ルナが最初にモギルコアラ病院に来た7月の下旬は繁殖期真っ盛りで、ルナのような若いオスのコアラが最も活動的になる時期です。結膜炎で目から膿が出ていた為救助されました。しかし、この時には既に彼の目は盲目でした。救助されるのが遅かったのかもしれません。救助時も何者とも知れない人間という生物に囲まれ、救助が救助であるという事も分からず、ルナはストレスでいっぱいでした。こちらは救助のつもりでも、ルナはとても怖がり、防御的になり、時にはとても攻撃的にさえなりました。目の見えるコアラにとっても、大きなストレスです。目の見えないルナにとって、この日はとても衝撃的な一日だったでしょう。

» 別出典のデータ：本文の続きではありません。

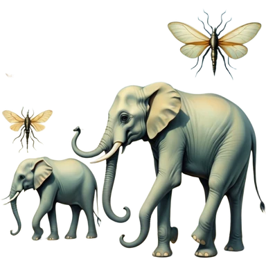 aesthetic brilliant divine lighting, oil paint - mystical elephants from Salvador Dali's paintings with long legs like insects emoji
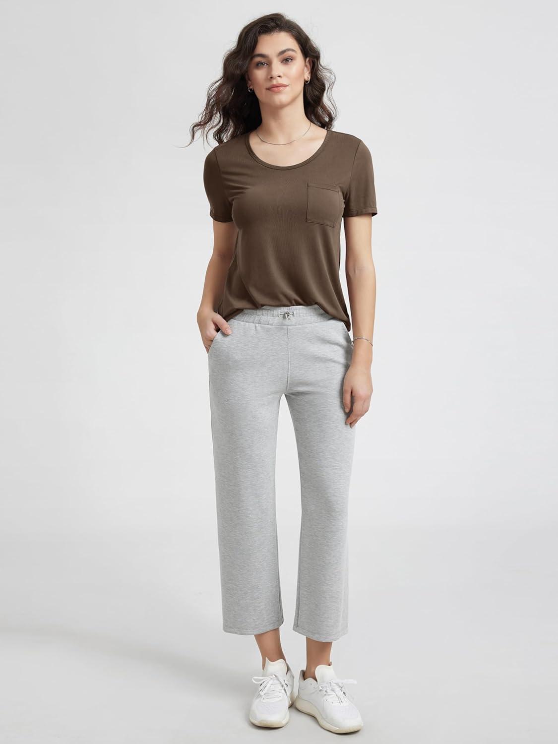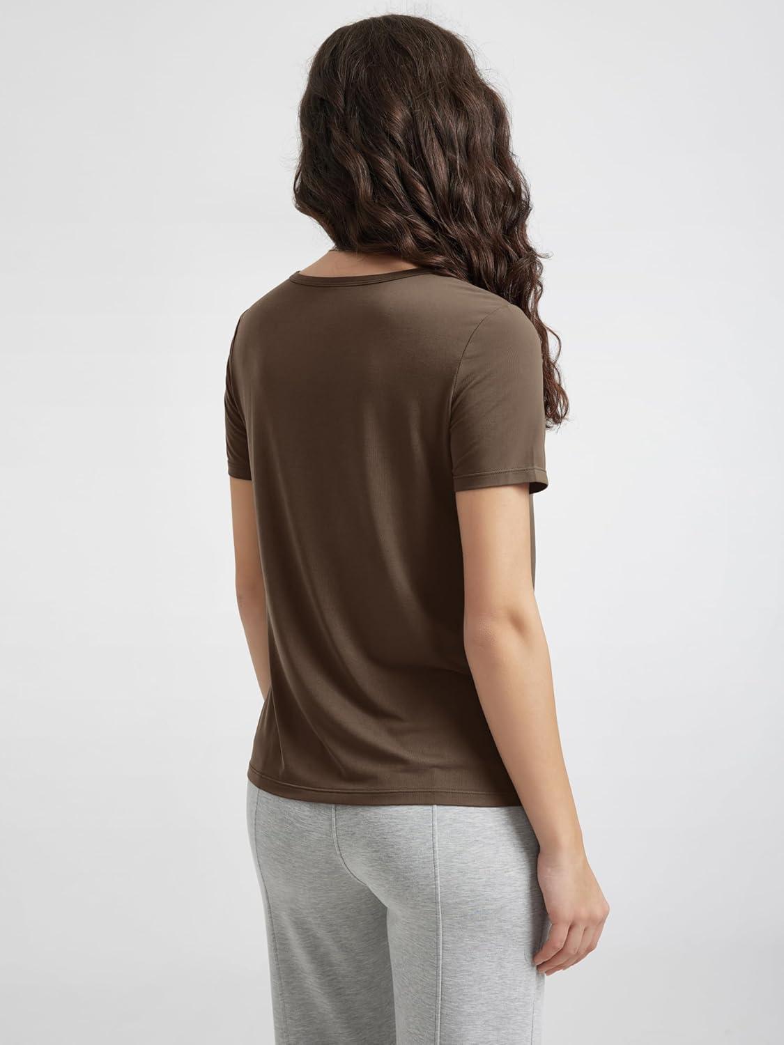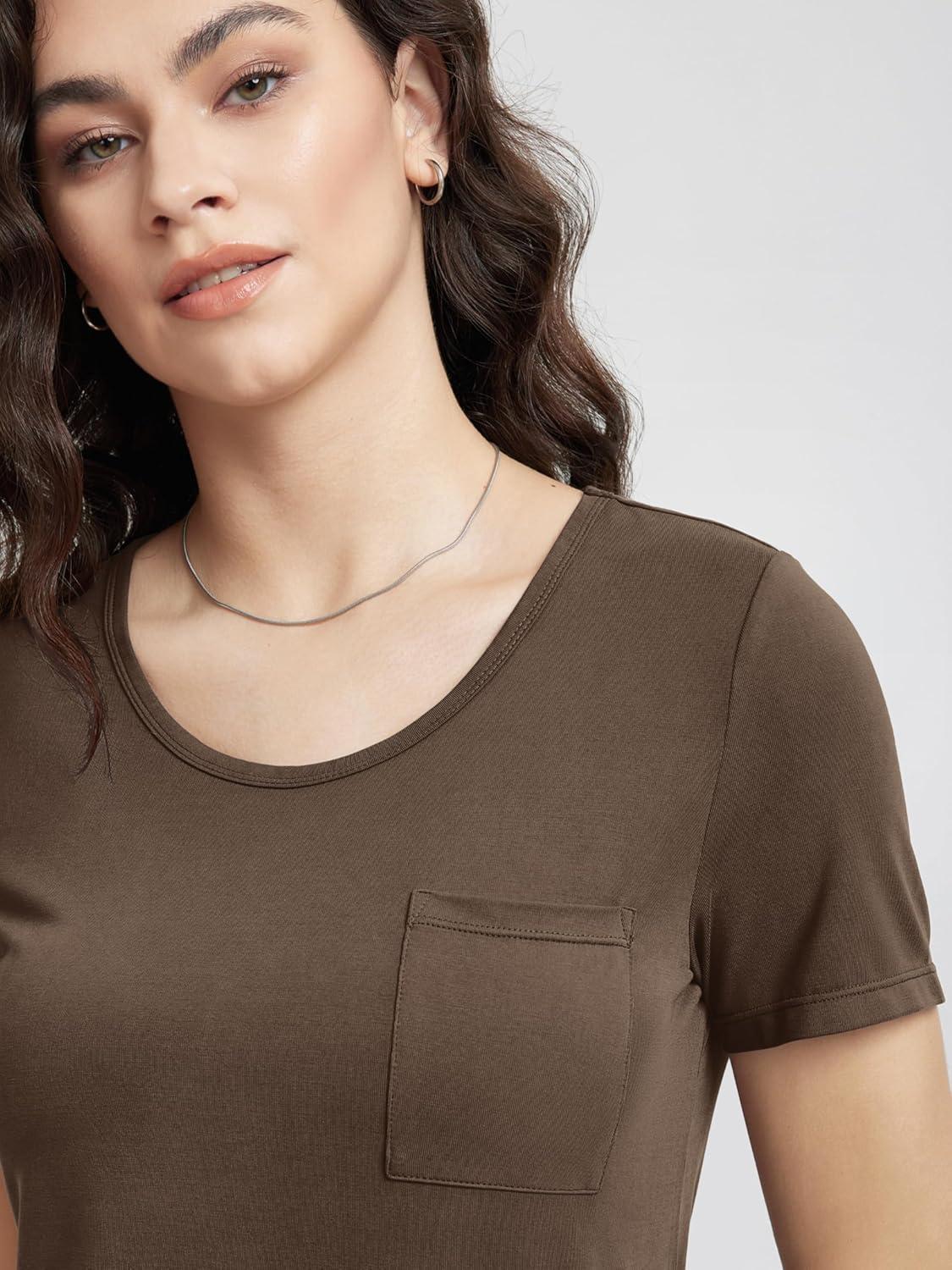 ODODOS Women’s Short Sleeve T-Shirts with Pocket – Ultra Soft Relaxed Tee Casual Lounge Yoga Tops(Nutria)

盲目のコアラでも、その生息地が平和で安全である限りにおいては、手に取るように分かり、何とか生きていけているのだろうと考えられています。しかし、来院時に盲目である上に老齢や病気で筋肉が衰えている場合には、治療後に森に帰っても長く生きられる可能性がとても低いのが現実です。ルナの場合は筋肉の調子が良くまだ若かった事もあり、結膜炎の回復と将来の森での成功を信じて入院することになりました。盲目のコアラの治療はスピードが肝腎です。目の見えないコアラが知らない環境に置かれることは、それだけでストレスになり免疫力が低下する恐れがありますし、生息地が更なる土地開発などによって変化してしまわないうちに一刻も早く帰してあげる必要があるからです。ルナは目の手術を受け、日に日に回復していきました。結局ルナが毎日の点眼に慣れることはありませんでしたが、ケアラーたちの努力とルナの忍耐力によって、入院から僅か2週間で退院の日を迎えたのでした。
「無事だと良いなぁ…」とルナの去った病室を掃除したばかりのその夜のことでした。モギルコアラ病院の皆の心を引き裂くような出来事が起きてしまったのです…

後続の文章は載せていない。